Python String encode() Method

The encode() method is used to convert a string into bytes using a specified encoding. It is particularly useful for storing strings in binary format or transmitting data over a network.

Syntax

string.encode(encoding="utf-8", errors="strict")

Parameters

encoding (Optional): The encoding to use. Default is "utf-8". Other common encodings are "ascii", "latin-1", and "utf-16".

errors (Optional): Specifies how to handle encoding errors.

'strict' (Default): Raises a UnicodeEncodeError on failure.
'ignore': Ignores characters that cannot be encoded.
'replace': Replaces unencodable characters with a question mark (?) or a replacement character.
'xmlcharrefreplace': Replaces unencodable characters with an appropriate XML character reference.
'backslashreplace': Replaces unencodable characters with a backslash escape sequence.

Return Value

Returns an encoded version of the string as a bytes object.

Examples

Default Encoding (UTF-8)

text = "café"
encoded_text = text.encode()
print(encoded_text) # Output: b'caf\xc3\xa9'

Notice the b prefix in the output, which signifies a bytes literal.

You can convert the bytes back to a string using the decode() method.

Specifying Encoding

text = "café"
encoded_text = text.encode("ascii") # Raises UnicodeEncodeError
print(encoded_text)

The above code raises an UnicodeEncodeError because "é" is not an ASCII character.

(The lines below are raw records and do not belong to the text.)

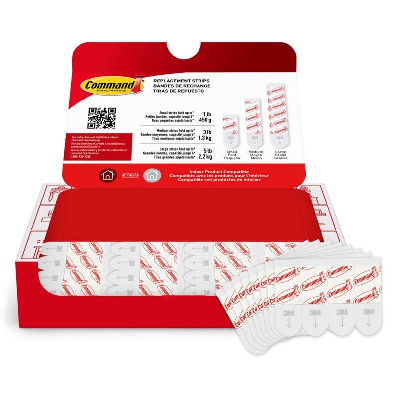 - RE-HANG HOOKS – Reorganize when inspiration strikes! Command Replacement Strips make it easy to hang and rehang all your Command indoor hooks, damage-free
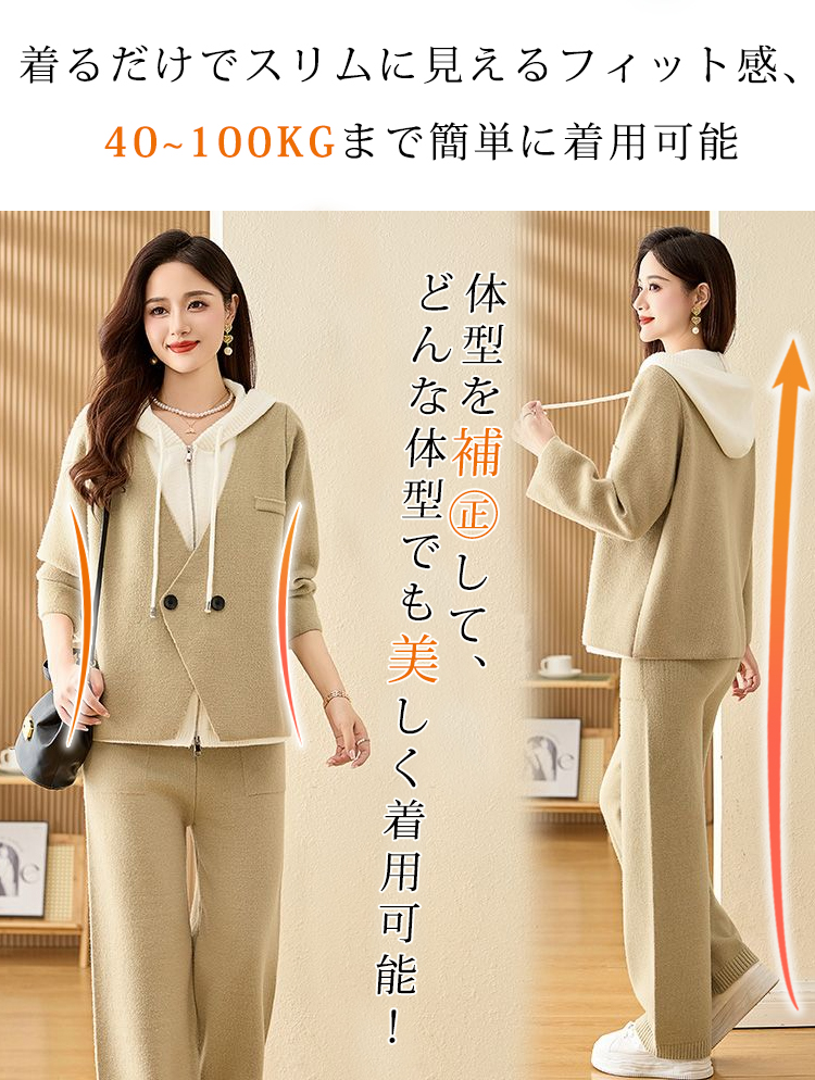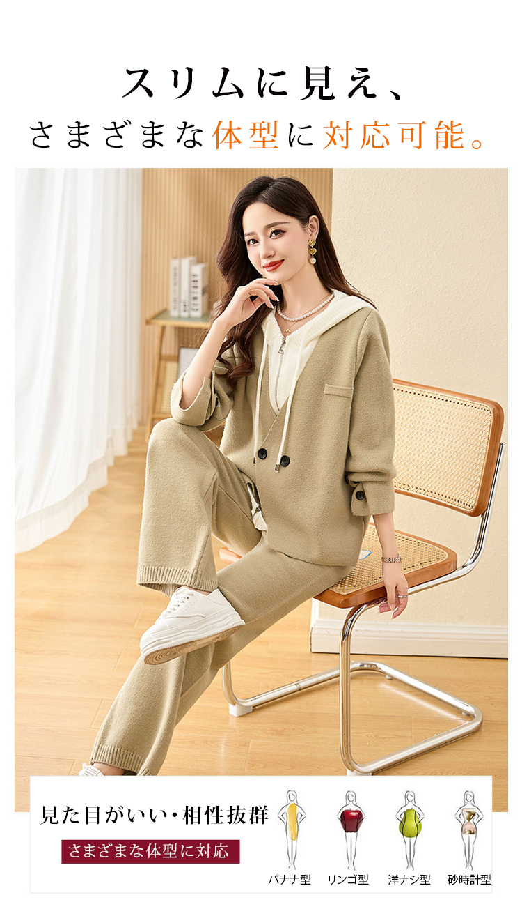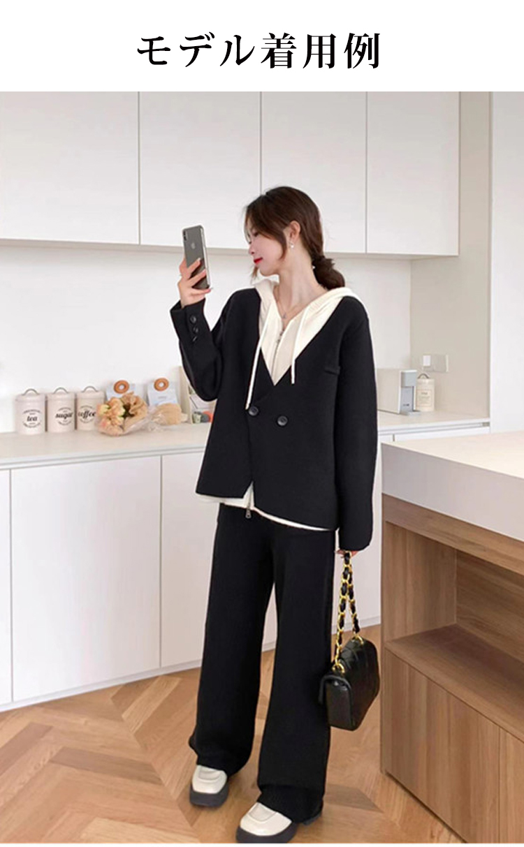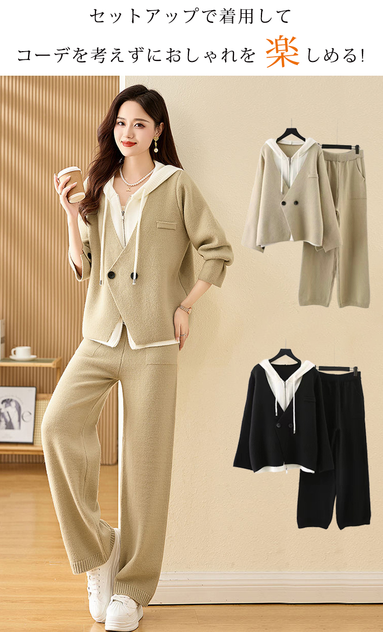 肌触り柔らか 無地 カジュアル シンプル レイヤード セットアップ
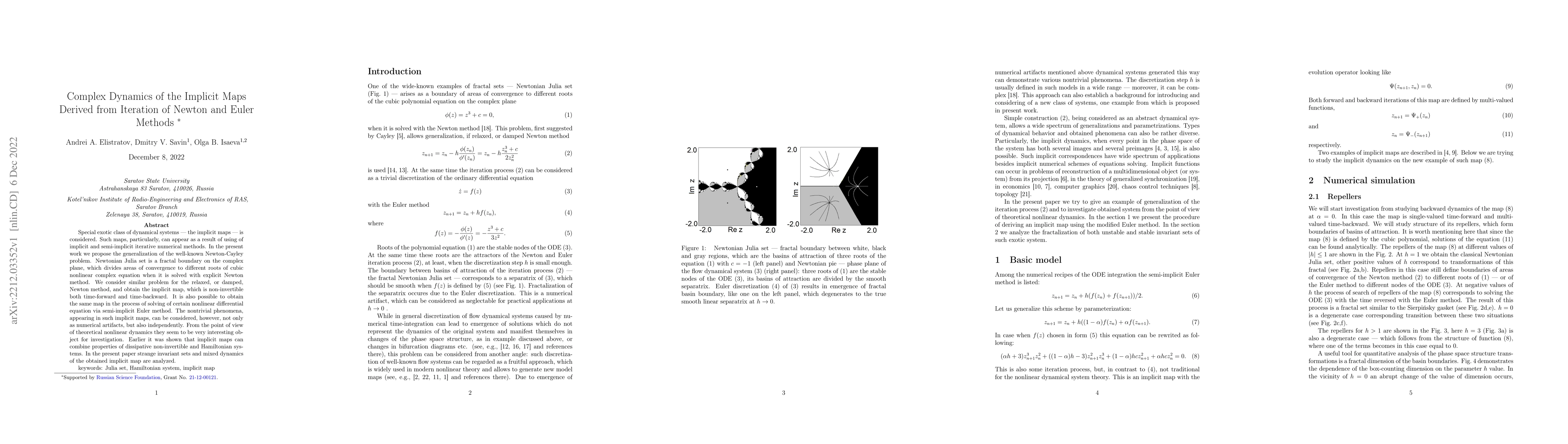 This paper investigates the complex dynamics of implicit maps derived from the iteration of Newton and Euler methods, focusing on the non-invertible nature and strange invariant sets of these maps. It also explores the mixed dynamics and phenomena arising from these maps, highlighting their significance in theoretical nonlinear dynamics.
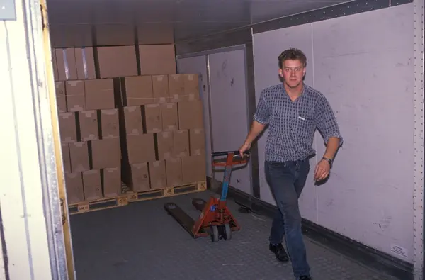 Fabrikkinteriør. Pakkeavdeling. Produksjon av tobakk hos Tiedemanns Tobaksfabrik.
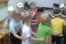 В осеннюю пору сбора урожая дети старшей группы вместе с воспитателем по обучению татарскому языку разучивают хороводную игру "Бар матур бакча". Ребята одевают полумаски овощей, танцуют и поют. Они только выучили названия овощей на татарском языке, а эта игра помогает закрепить пройденную тему. Дети играют в эту хороводную игру с большим удовольствием.
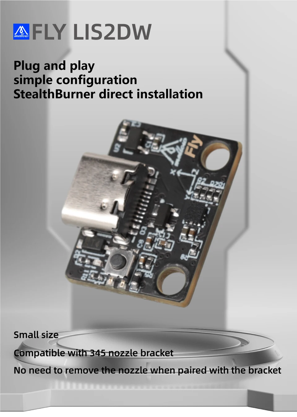 Mellow Fly-LIS2DW Accelerometer Board For Klipper Gemini Rspberry Pi Revo Hotend TZ2.0 K1 MK8 ADXL345 Bracket 3D Printer Parts
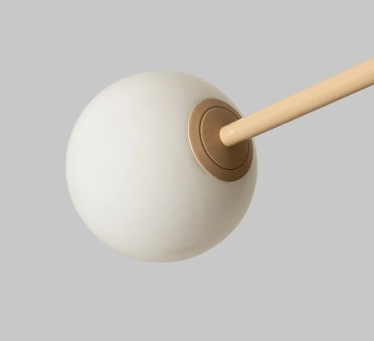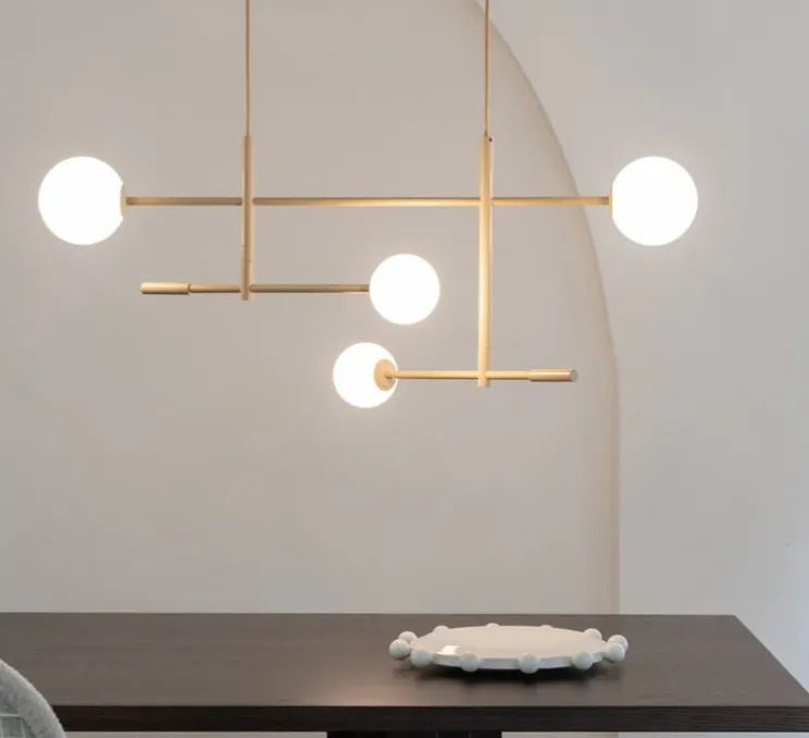 Son design se distingue par la combinaison de tiges élancées et de quatre globes en verre qui composent une structure aérienne et graphique.
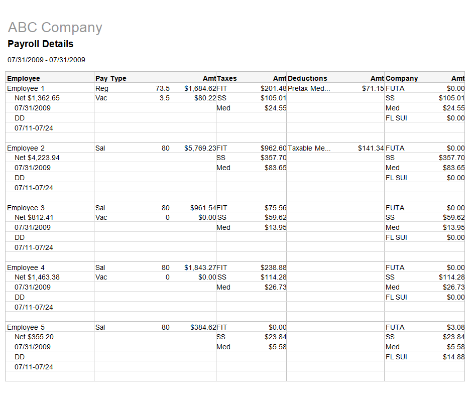 Weekly Payroll Report Example
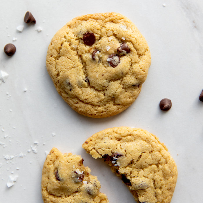 Our test kitchen found that these cookies were optimally baked when they appeared a bit more done than you would normally bake a modern wheat chocolate chip cookie for, but not overdone! Watch carefully for the edges to be lightly golden brown. We love to finish these cookies with a sprinkle of flaky sea salt before they go into the oven, but that is completely optional; they're delicious without!
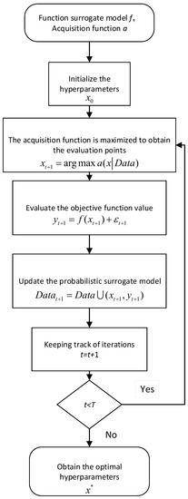 where is a black-box function. For instance, the known data are where is the accuracy under the test set of the model trained by hyperparameter , and the current evaluated data are denoted as . This could estimate the optimal value of the black-box function in a small known small data set. In the following sections, the probabilistic surrogate model was adopted to fit the black-box function. Aside from that, the optimal value of the black-box function was iterated by the acquisition function in accordance with the known .
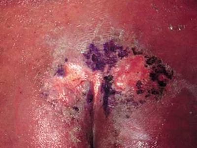 Ⅲ度急性放射性皮炎臀部红肿严重图
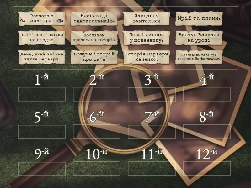 Послідовність подій в повісті Дзвінки Матіяш «Мене звати Варвара»

Handling Errors with `ignore` and `replace`

Using `ignore`

text = "café"
encoded_text = text.encode("ascii", errors="ignore") 
print(encoded_text) # Output: b'caf'

The errors="ignore" parameter tells Python to skip any characters that cannot be encoded using the specified encoding (in this case, ASCII). As a result, the unencodable character "é" is simply removed from the output.

Using `replace`

text = "café"
encoded_text = text.encode("ascii", errors="replace") 
print(encoded_text) # Output: b'caf?'

The errors="replace" parameter tells Python to substitute any characters that cannot be encoded using the specified encoding (in this case, ASCII) with a replacement character, typically a question mark. Therefore, the unencodable character "é" is replaced with "?", resulting in the output b'caf?'.